Karen Evans, OMB's administrator of e-government and technology, said at a luncheon Thursday that it is important for people to understand the difference between the high-risk list, which contains a set of high-priority IT projects, and the management watch list, which is a compilation of IT investments that don't meet a series of standards.

"If you're on the high-risk list, it doesn't mean that the project is at risk as in … the agency is failing," Evans said. "It means that there are things that are happening within that particular project … and you need to make sure that senior leadership is aware of it."

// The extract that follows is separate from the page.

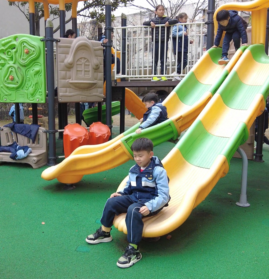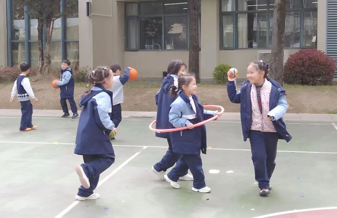 这份未减的运动热情,很快在校园各处蔓延开来。教室门口的走廊上,摆放着跳绳、小乒乓球桌,孩子们随手拿起器材,开展一场简单的比拼;操场上,长绳、滑梯、呼啦圈、投篮、飞盘等设施一应俱全,低年级的孩子从滑梯上轮流滑下,中高年级的孩子则分组进行投篮、飞盘游戏。半个小时左右的自由活动时间,学生的欢声笑语洒满校园。
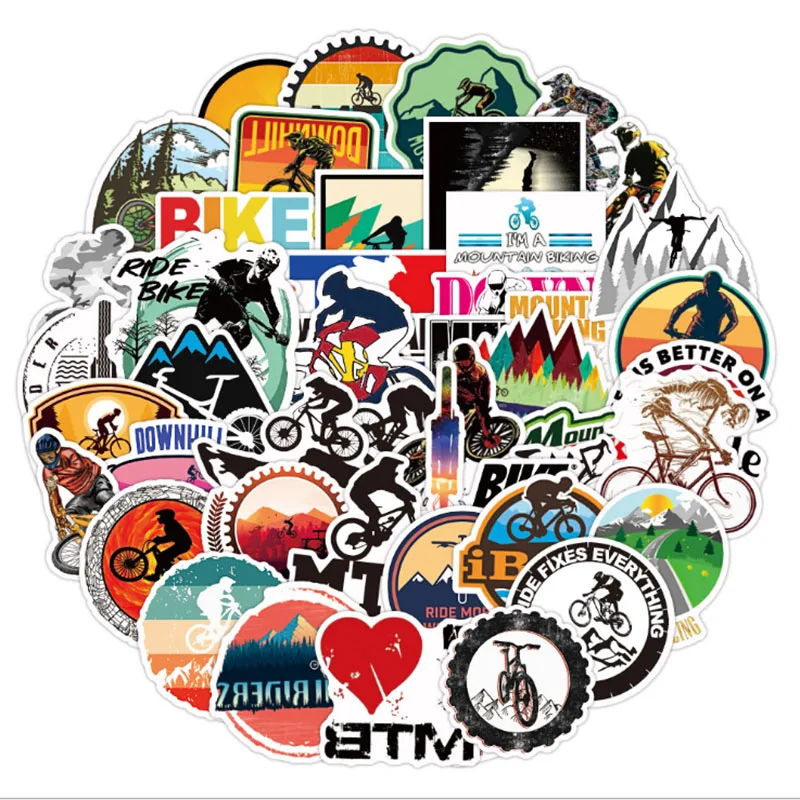 Sales 50 pcs Mountain Bike Graffiti Waterproof Skateboard Travel Suitcase Phone Laptop Luggage Stickers Cute Kids Girl Toys

Also, the high-risk list, established in August 2005, relates to the execution of specific projects. The management watch list, in contrast, is meant to help oversee the planning of IT investments going through the budget process and was established under the authority of the 1996 Clinger-Cohen Act.

Agency officials can make suggestions for projects that need to be on the high-risk list, but OMB ultimately sets the final list. Evans said the 25 e-government projects and the lines of business initiative to make IT systems more efficient are on the high-risk list because of their complex nature and ripple effect across the government.

"[They] have a lot of risk associated with them, and it takes management at the highest level to ensure their success," Evans said. "I don't want the focus to be, 'I'm on the list. I need to be off the list.' It's not a bad thing to be on the high-risk list."

Evans said earlier this month that if a list of the high-risk projects is published, agencies could edge away from providing "good quality information" in an attempt to avoid being on the list.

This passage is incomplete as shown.